Rosanne and Tom Arnold, speaking of a shark tank, Rosanne and Tom Arnold may be headed for divorce court, but the $3 million house they were buying through probate court has closed escrow according to public records. The house is next door to the Arnold home in Brentwood and is expected to be added to the compound. To the compound, the Arnold compound. Who knew? Who knew they had a compound? Maybe that's where they'll put the shark tank. I think everyone in show business needs to have a shark tank. Just as a place to chill out, you know, from the real shark tank outside. So, ladies and gentlemen, this week was one in which the names of things or the way that we measured them were changed in one case to change our behavior in another case, not to.
What is he talking about? Well, here, right here in this paper. Look, look at this. Now, I'll look at it for you. The scholastic aptitude test scores will be going up 100 points. Beginning in April 1995, you probably heard this story, the college board will be recalibrating its scoring of the SAT. The bottom score will still be 200 in the top score, 800, but it will be easier for everyone to get higher scores. The raw scores will result, same raw score will result in a higher final score. A 730 will become an 800. A 430 will become a 510. The performance that generates a 424 today will now generate a 500. This kid is no brighter. Says Bradley, Jake Quinn, one in senior project director of the college board.
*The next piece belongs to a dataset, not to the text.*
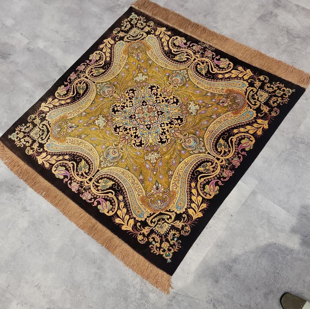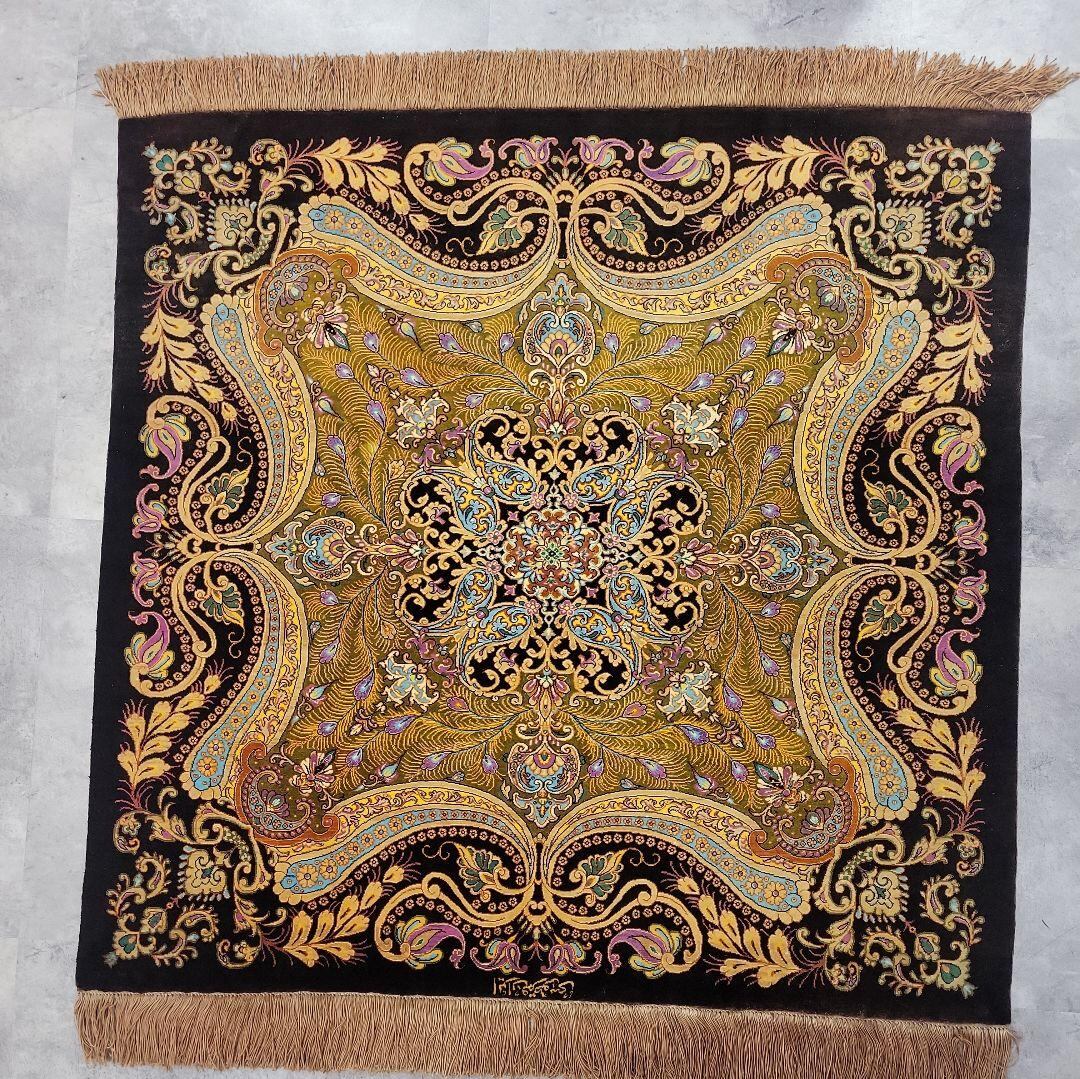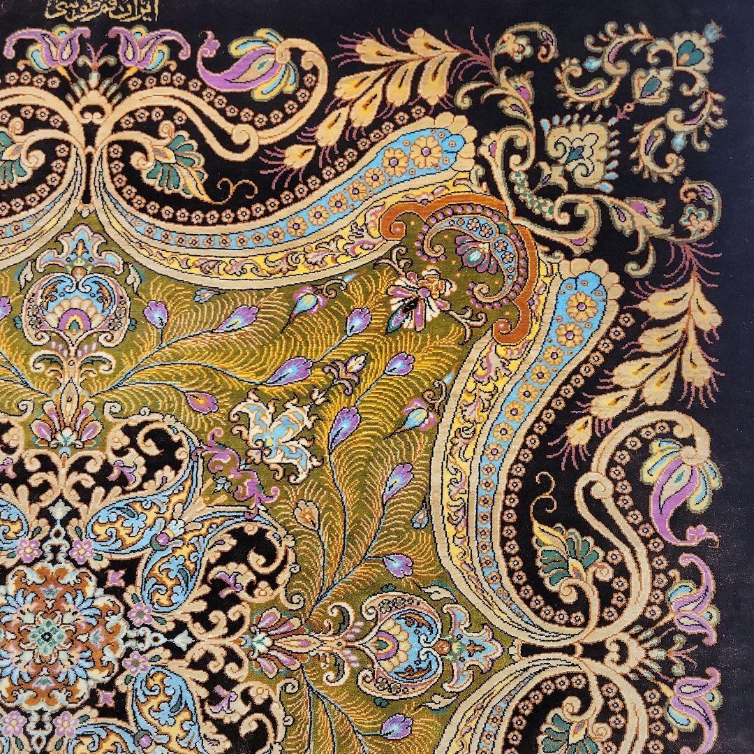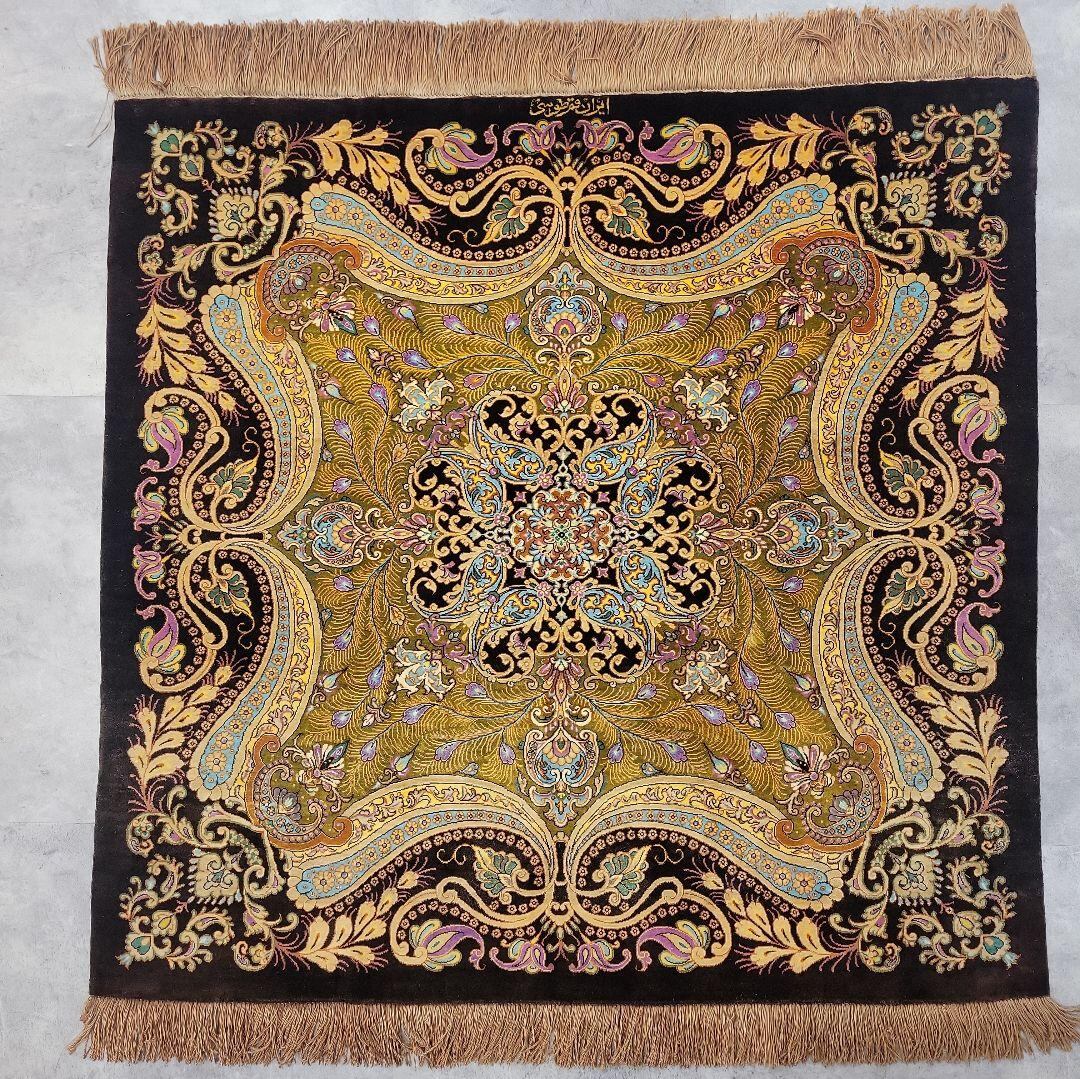 出品中のこの絨毯は シルクで有名な産地クムの中で評価が高いハメド先生の作品でサイン入りです。サインの写真あり。

The kid is no brighter. Doesn't have any more bright answers. It's just the label is higher. Mr. Quinn said they were making the change so students would have a better sense of what their scores mean. When the current scoring system was established in 1941, 500 was the average score for each test. Math and verbal ever since then. The average has gone down. Now it's a 424 verbal 478 math. So the college board officials have decided to re-center the scale, changing it. So the average student will once again get scores of 500 in verbal and math. Well that would be the answer if there is global warming, wouldn't it? Much cheaper than doing anything about the environment has just changed the thermometers. Re-center them. That would be one way to do it. Similarly, perhaps this week the United States State Department announced acknowledged really that we're not considering the slaughter of at least 250,000 people in Rwanda, a genocide. This followed by a day Pope John Paul publicly deploring the killing of 13 priests in Rwanda.
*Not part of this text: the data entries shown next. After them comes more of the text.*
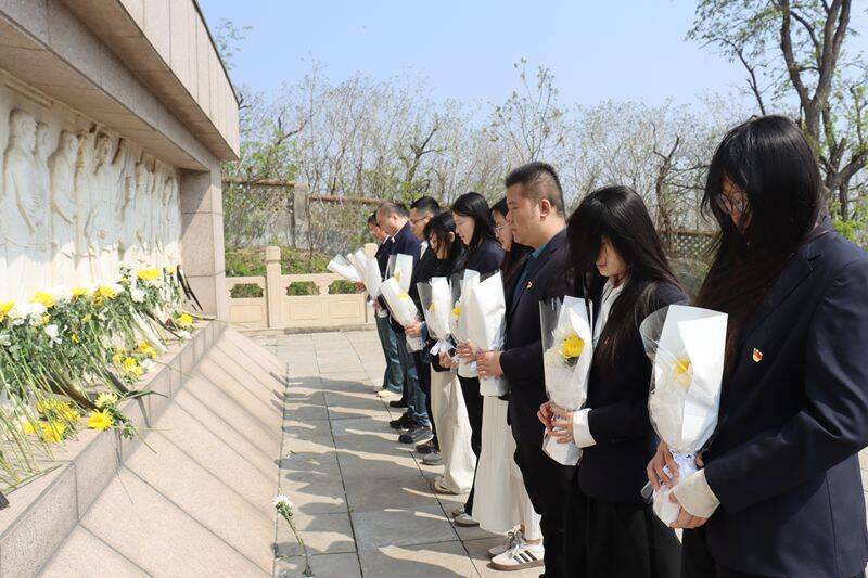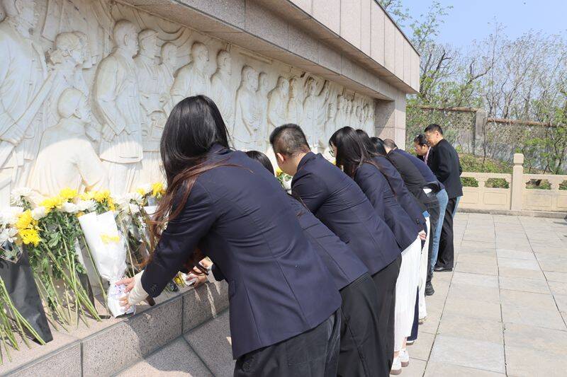默哀结束后,敬献花篮环节开始。公司团委代表缓步上前,小心翼翼地将承载着全体团员青年深切敬意的花篮敬献至烈士纪念碑前,花篮缎带上“缅怀革命先烈 赓续红色血脉”八个大字熠熠生辉,寄托着对英烈的深切缅怀与崇高敬意。随后,代表们整理花篮缎带,全体团员青年向革命烈士三鞠躬,以此表达对先烈们的无限哀思与敬仰之情,告慰先烈英灵。
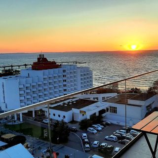 Na 10. piętrze z szerokim widokiem na morze i zachód słońca, został ten apartament A 103 z 55 m² nowo zaprojektowany i umeblowany latem 2022 roku. Jest bardzo jasny, komfortowy i przyjazny. Posiada 1 sypialnię z dużym boxspring łóżkiem (180x200) i szafą do wchodzenia, salon, w pełni wyposażoną kuchnię, wnękę jadalną oraz łazienkę z dużym prysznicem. Salon i sypialnia połączone są z tarasem. Ponadto należy do apartamentu bezpłatne podziemne stoisko parkingowe, które znajdujące się bezpośrednio przy windzie do apartamentu.
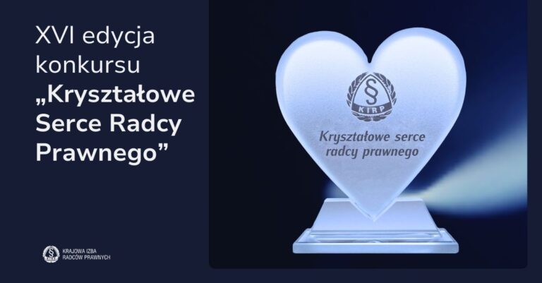 Krajowa Rada Radców Prawnych ogłasza XVI edycję konkursu „Kryształowe Serce Radcy Prawnego”. Konkurs przeznaczony jest dla radców prawnych i aplikantów radcowskich, którzy swoją bezinteresowną działalnością wnieśli istotny wkład na rzecz społeczności, pomagając osobom fizycznym, organizacjom społecznym, instytucjom publicznym, a także kościołom i związkom wyznaniowym czy grupom dotkniętym różnego rodzaju klęskami.

The 250,000 bodies floating down the river into Lake Victoria, he didn't mention but the 13 priests he publicly deplored they're killing. The State Department says they're not calling it a genocide, but that doesn't necessarily mean that it's not a genocide. It's just that if they call it a genocide then the genocide treaty kicks in. We might have to do something about it. Since the American public doesn't want to do anything about Rwanda, we won't call it a genocide. Unless the American public decides, you see because if we call it a genocide then there might be news pictures from there and then the American public might decide we have to do something about it, which the government really doesn't want to do, even if the public decides they do. So to keep the news cameras away from it, since they won't go unless we call it a genocide, we won't call it a genocide. Let's still avoid that messy Bosnia thing, because somebody loosely called that a genocide and loosely mentioned death camps one time and we haven't been able to straighten that policy out yet.
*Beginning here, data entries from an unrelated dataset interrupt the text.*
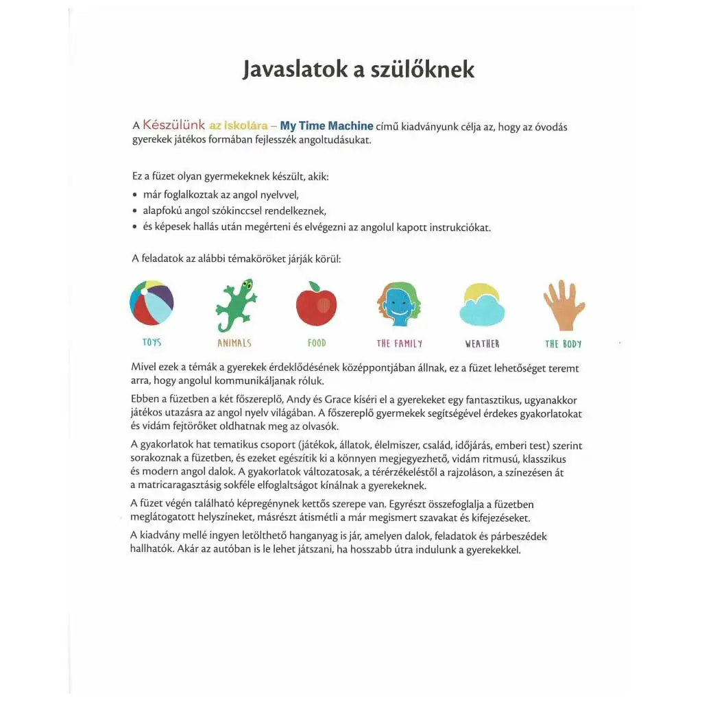 A kiadványhoz ingyenesen letölthető hanganyag is jár, amely dalok, feladatok és párbeszédek formájában segíti a gyerekeket az angol nyelv hallás utáni megértésében és használatában. Ezáltal a gyerekek könnyedén elsajátíthatják az új szavakat és kifejezéseket, és magabiztosabban használhatják az angolt a mindennapi életben.
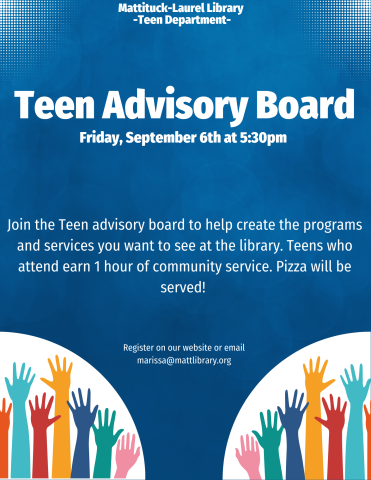 Join the Teen Advisory Board to help create the programs and services you want to see at the library. Teens who attend earn 1 hour of community service. Pizza will be served!
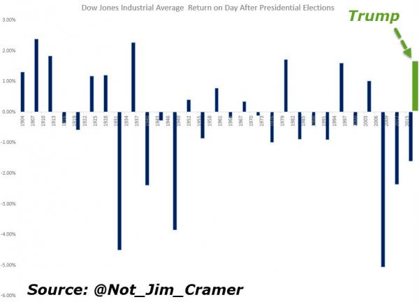 道指创下1980年里根当选总统以来选举日的最佳单日表现...
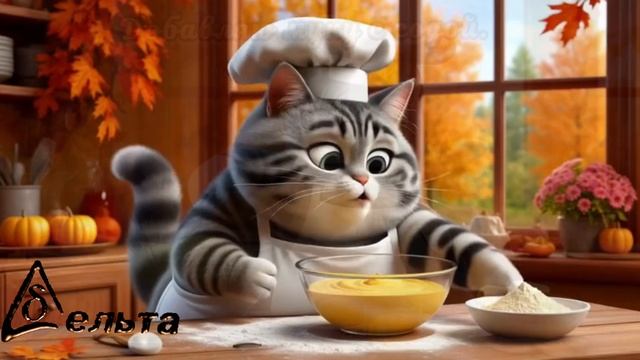 Весёлый котик показывает как готовить используя реальные рецепты. Qr code с полным рецептом приготовления в конце.
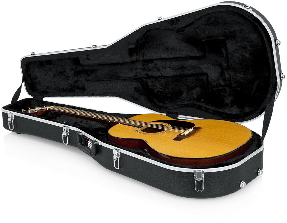 The Gator GCDREAD Deluxe Molded Case is a case for Dreadnought style guitars. It has a Deluxe ABS exterior, heavy duty aluminum valance, bolted handled, and EPS foam protective interior with plush lining. Has a large accessory compartment for capos, tuners, picks etc and chrome plated lockable latches.

So if we just don't call it a genocide, we might not have to do anything at all about it. That just recenters it, really. See, recenters the average amount of genocide in the world, which anyway, ladies jump in this week, Bob Dole, not content with taking every position imaginable on healthcare reform, decided to change his mind about Oliver North. Last Sunday on the, what was it, meet the, meet the nation or this week with someone, he said he would have a difficult time supporting Oliver Northley newly nominated Republican candidate for US Senator from Virginia. And about four days later, Bob Dole changed his mind and said publicly, issued a statement, didn't say anything publicly, issued a statement that said he would do everything in his power to help Oliver North get elected, including campaigning in Virginia.
This is after Bob Dole spent an hour, meaning with Oliver North, which raised, I know in my mind, possibly in yours the question, what went on during that hour? A distilled answer to that question is coming up moments from now here on the show. I want to tell you something, it's not a secret or anything, you're not alone and being alone at the end of a perfect day. And if you leave on your dependence, then they will gain their independence, don't make a matter of yourself, it's just the end of a perfect day.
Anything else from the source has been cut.